EMUGE Taptor – Questions and Answers | FAQ

  • What is Taptor®?
    Taptor® is our brand name for a new type of tool for use in a new technology for machining internal threads.
    Taptor® therefore also stands for the new technology. AUDI AG calls the process Threading 3.0 with Taptor®-Technology.
  • How does Taptor® work?
    With Taptor®, the core hole and the thread are produced simultaneously in one operation.
    In the first step, the movement of the tool corresponds to synchronous tapping.
    The drill feed per revolution therefore corresponds to the thread pitch. In the second step, the tool cuts free at the drilling depth.
    And the thread teeth create a circumferential undercut. The Taptor® is then retracted through the generated thread.
  • Function Phase Model Taptor®


  • How is a Taptor® constructed?
    A Taptor® has a drill part and a few threading teeth which are arranged axially at a small distance from the drill tip.
  • Which tool holder is used for Taptor®?
    Taptor® should be used with the Speedsynchro Taptor®
    Taptor® can also be clamped in a rigid holder
  • What is the time advantage compared to conventional thread cutting?
    The time advantage results from several individual elements. On the one hand, the entire pre-drilling cycle including all traverse paths and positioning and tool change is eliminated.
    The Speedsynchro Taptor® also significantly reduces the main time required for individual thread machining. An example application (machining a cylinder head cover side in the dimension M6, 2xD deep) there is a time saving of about 2 seconds per thread.
  • What is the tool life behavior of a Taptor®?
    The tool life is not yet known as experience with serial production is currently being built up.
  • Which technology partners in the production environment have experience with Taptor®?
  • Can a Taptor® be reground?
    It can not be reground according to our current assessment.
  • What is the design of a Taptor®?
    Taptor® will be designed like a step drill taking into account thread depth and length of the chamfer.
    Tools are available for tests on customer workpieces.
  • For which hole shapes is the Taptor® suitable?
    For blind hole machining as well as through-hole machining.
  • How large is the thread run-out (pre-drilling depth to usable thread depth)?
    An undercut is created at the bottom of the thread instead of a lead-in chamfer when tapping. The screw can be screwed into this undercut. The axial length of the undercut corresponds approximately to the length of the lead-in chamfer in conventional tapping. (shape E)

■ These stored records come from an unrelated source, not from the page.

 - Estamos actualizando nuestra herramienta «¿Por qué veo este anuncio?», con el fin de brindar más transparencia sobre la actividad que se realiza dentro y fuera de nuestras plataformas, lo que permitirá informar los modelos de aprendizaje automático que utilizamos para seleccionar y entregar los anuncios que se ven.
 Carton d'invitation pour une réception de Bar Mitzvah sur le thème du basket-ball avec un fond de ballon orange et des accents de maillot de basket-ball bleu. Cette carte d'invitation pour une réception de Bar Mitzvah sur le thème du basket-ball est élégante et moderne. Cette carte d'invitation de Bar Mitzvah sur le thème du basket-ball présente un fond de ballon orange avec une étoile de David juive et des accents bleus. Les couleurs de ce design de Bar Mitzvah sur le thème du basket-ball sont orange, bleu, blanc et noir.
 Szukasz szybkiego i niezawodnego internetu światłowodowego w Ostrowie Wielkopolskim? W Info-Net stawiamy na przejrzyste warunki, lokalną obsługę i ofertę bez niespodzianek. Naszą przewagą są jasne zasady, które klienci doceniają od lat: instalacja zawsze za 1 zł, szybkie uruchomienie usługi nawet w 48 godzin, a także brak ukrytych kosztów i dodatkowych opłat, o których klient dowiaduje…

  • Which thread systems are possible with Taptor®?
    From today‘s point of view, metric threads and other sharp threads (UNC, UNF, etc.) are possible with Taptor®.
  • Which dimensions are possible with Taptor®?

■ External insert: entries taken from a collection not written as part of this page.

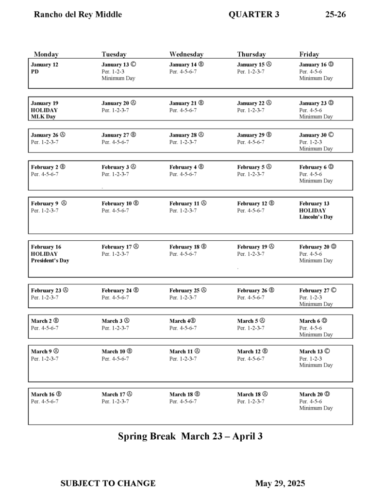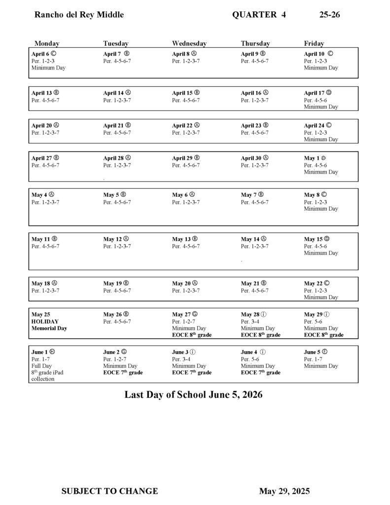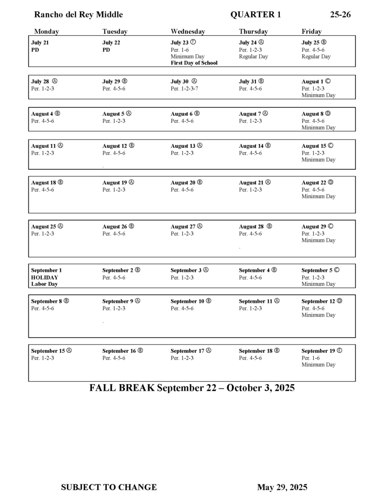 Bell Schedule / Quarter 1 / Dates to Remember 2025 – 2026
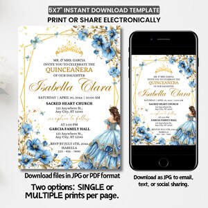 Blue Floral Quinceañera Invitation Template: Editable Sweet 16 Invite ...
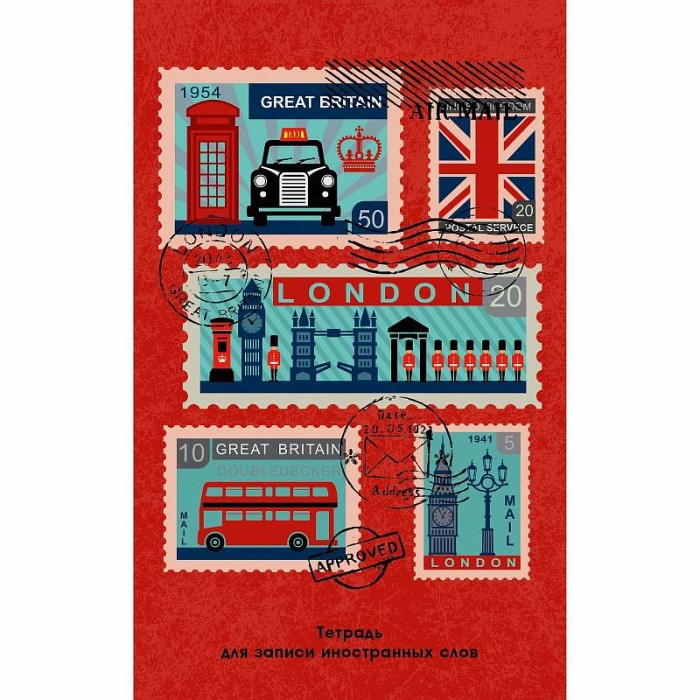 Тетрадь для записи иностранных слов А6 48л. Скрепка. Обл.: мел. картон, глянц ламинация. Внутр. блок - однокрас. печать, спец. линовка. Бум. оф.60 г. "Почтовые марки"
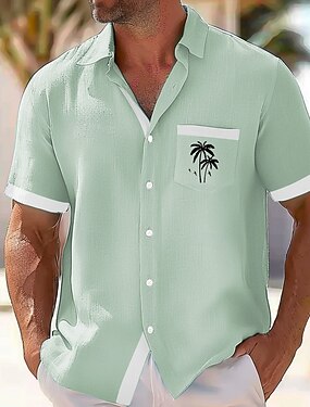 Per uomo Albero di Cocco Piante Tropicali Camicia di lino Camicia da Spiaggia Camicia hawaiana estiva Manica Corta Hawaiano Vacanza Ferie Abbigliamento mare Estate Primavera Colletto camicie con
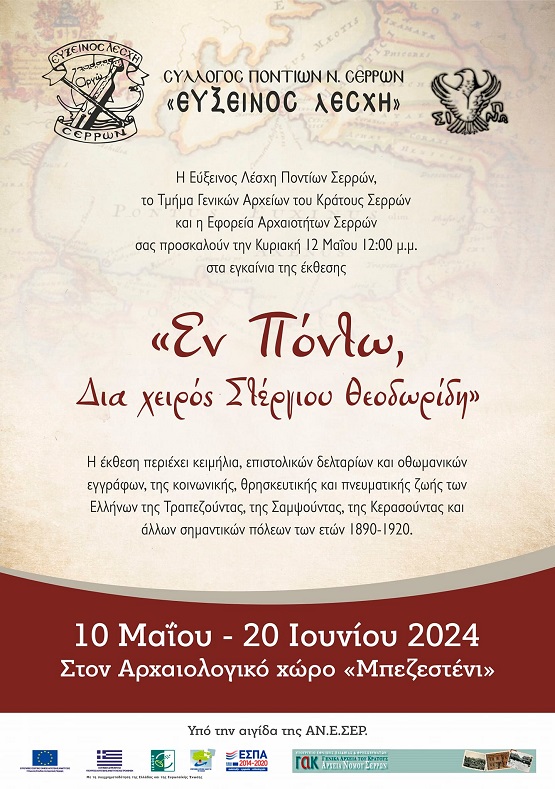 Έκθεση κειμηλίων, επιστολικών δελταρίων και οθωμανικών εγγράφων για τη ζωή στον Εύξεινο Πόντο, τη χρονική περίοδο 1890 – 1920, του αείμνηστου Στέργιου Θεοδωρίδη, πραγματοποιείται στην πόλη των Σερρών, με πρωτοβουλία φορέων της πόλης, και τα εγκαίνιά της θα γίνουν την Κυριακή 12 Μαΐου 2024, στις 12 το μεσημέρι.
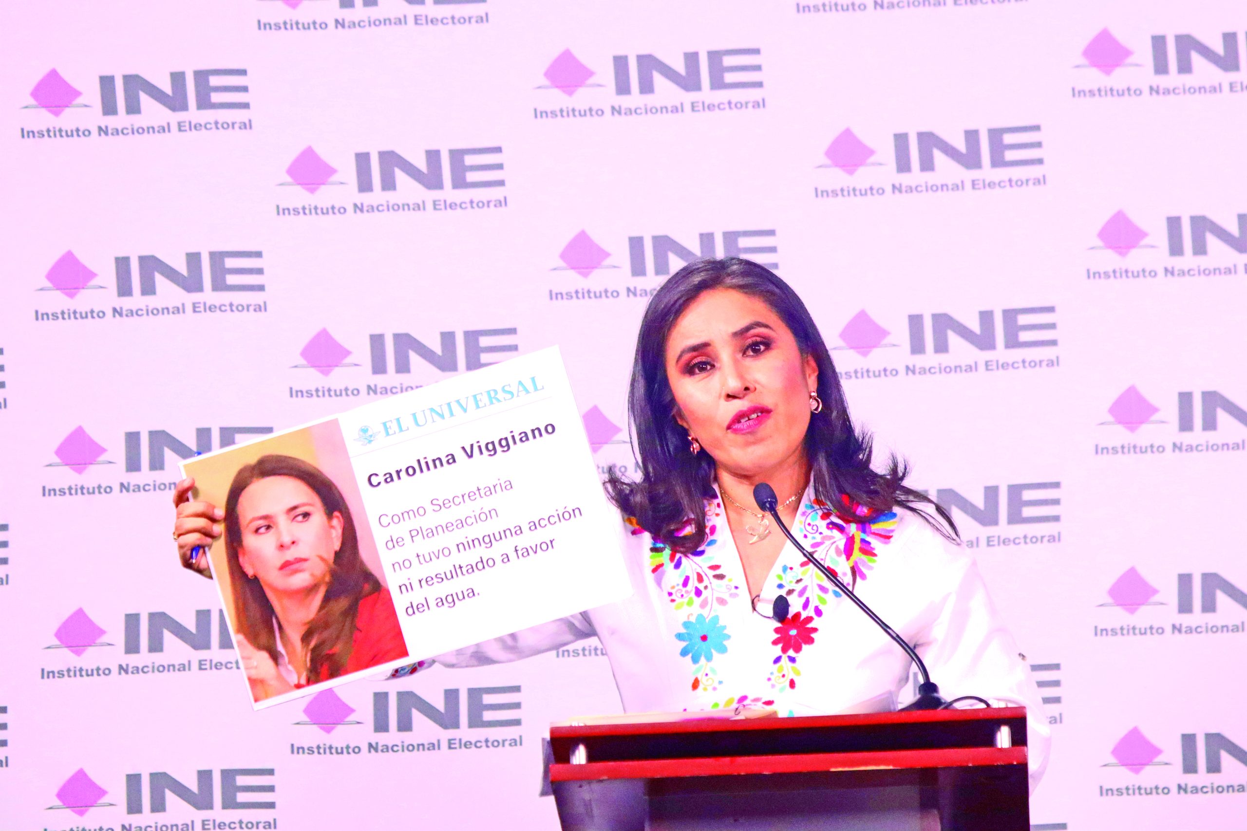 Adriana Flores distribuyó sus tiempos para reprochar a Carolina Viggiano, llamándola “candidata de la vieja política”, y también al contendiente petista a quien le denominó “líder del clan Sosa”.
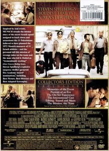 30-Page Photo BookAn Introduction By Steven SpielbergFeaturettes/Documentaries:Munich: The Mission, The TeamMunich: Memories Of The Event: Explore And Discover The Impact Of The Real Events In Munich Through Documentary Footage, Film Clips, BTS Moments And All New Interviews With Cast & Crew Including Steven SpielbergMunich: Portrait Of An Era: The Re-Creation Of The 70’s With Production Designer Rick Carter & Costume Designer Joanna JohnstonMunich: The On-Set Experience: A Moving And Intricate Exploration Into The Art And The Politics Involved With The Making Of MunichMunich: The International CastMunich: Editing, Sound And Music: A Discussion With Steven Spielberg And His Collaborators, Composer John Williams & Editor Michael Kahn On The Final Touches That Will Be Added To Munich With Editing, Music And Sound |
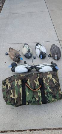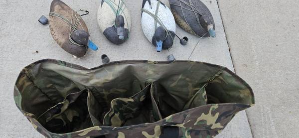 Set of 8 LL Bean Cork Decoys including 2 custom camo bags. Purchased in mid 1990's, used several seasons. Stored for 25 years.
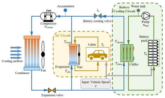The proposed EVTMS in this study, including a battery cooling circuit and an air-conditioning (AC) circuit, is illustrated in Figure 1. It mainly consists of a compressor, expansion valve, condenser, chiller, battery pack, cabin model, pump, water tank, accumulator, fan, and battery cooling valve. The whole TMS is built based on the commercial software GT-Suite, and the specific parameters of each component are obtained by investigation or the reference value in GT-Suite Library, which is further obtained through test bench and thus can represent the components in real world effectively. Some information about the key components is given below.

    At the moment dimensions M4; M5; M6 are available. M8 will follow soon.
  • For which thread depths can a Taptor® be used?

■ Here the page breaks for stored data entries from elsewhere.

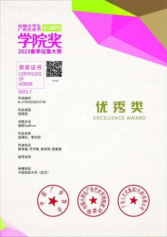 依托学校学院创新平台,我们积极创新拼搏进取,在大创、挑战杯、大广赛等多个专业比赛中砥砺向前。郭嘉鑫参与了大学生创新创业项目,并完成了大创校级结题,她在中国大学生广告艺术节2023春季征集大赛的作品,被评为学院优秀类作品;张婷婷同学参加的第十四届“挑战杯”红色专项比赛的作品,被推送至国赛组委会;邓语晨同学参加了2022年湖北省大学生文化创意作品大赛并获得三等奖。
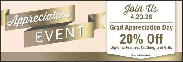 Get your diploma frames for 20% off. This will be the last opportunity before graduation to save on frames. April 23, 2026 only.
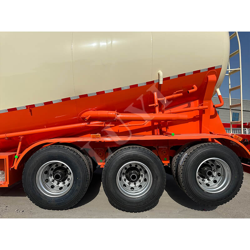 Габариты прицепа 10500×2550×4000 мм. Он оснащен двумя вариантами механической/пневматической подвески в сочетании с 3-осной устойчивой конструкцией и 28-тонными выносными опорами повышенной прочности для обеспечения устойчивости во время парковки и движения. Двухлинейная тормозная система повышает безопасность. Варианты шин включают различные спецификации, такие как 11.00r20 и 12r22.5, а шкворень доступен в двух моделях: JOST 50 мм / 90 мм. Кроме того, цвет можно настроить в соответствии с потребностями, полностью адаптируясь к различным сценариям транспортировки и эстетическим требованиям, что делает его надежным оборудованием для перевозки цемента насыпью.
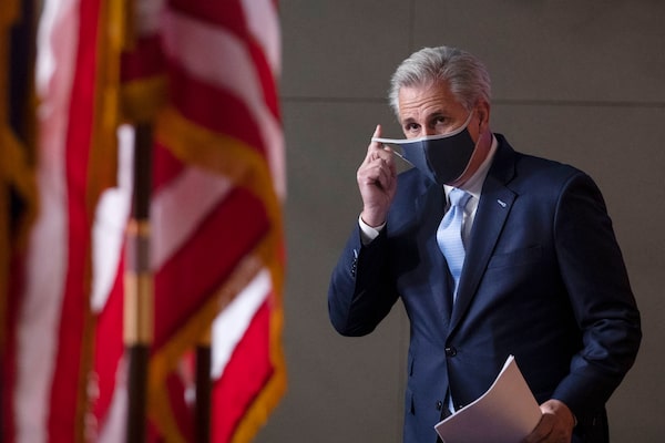 House Minority Leader Kevin McCarthy removes his face mask as he arrives for a news conference on Capitol Hill, in Washington, on June 25, 2020.Carolyn Kaster/The Associated Press
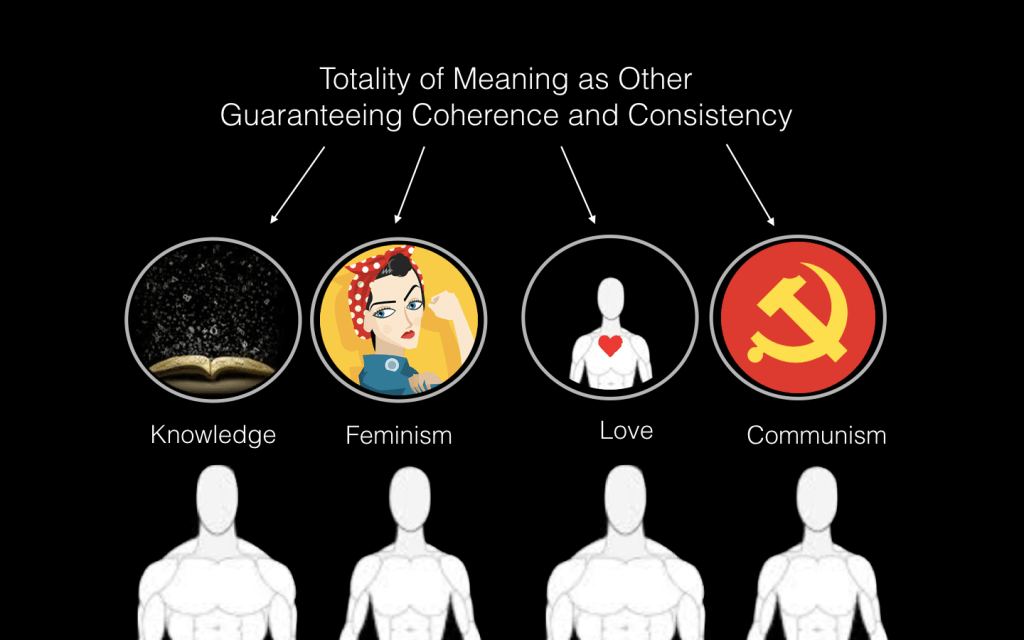 This brings us to the all-important axiom of Less Than Nothing that there is a non-Other that takes the location of the positivized images of the Other as a Totality of Meaning. The Totality of Meaning can only be discovered by confronting the non-Other of Death itself. In relation to this non-Other of Death there is a possibility to embed in one’s subjectivity a process of coherencing and consistencing (as opposed to a total system of coherence and consistence), but in order to guarantee its truth, one must always be in touch with death, with loss, with failure, with the end of one’s identity.

    As per current development the thread depth is up to 3 x D
  • Can Taptor® be used to countersink in the hole?
    Yes, due to the kinematics of relief cutting at the bottom of the thread, a countersink/step can be made at
    the thread entry at the same time, if the tool is designed accordingly.
  • Do thread depths change compared to conventionally produced threads?
    It makes sense to harmonize the threads of one dimension on a component also with regard to length.
    This reduces the number of tool changes and the time advantage can be further increased.
  • How is the thread strength influenced by Taptor®?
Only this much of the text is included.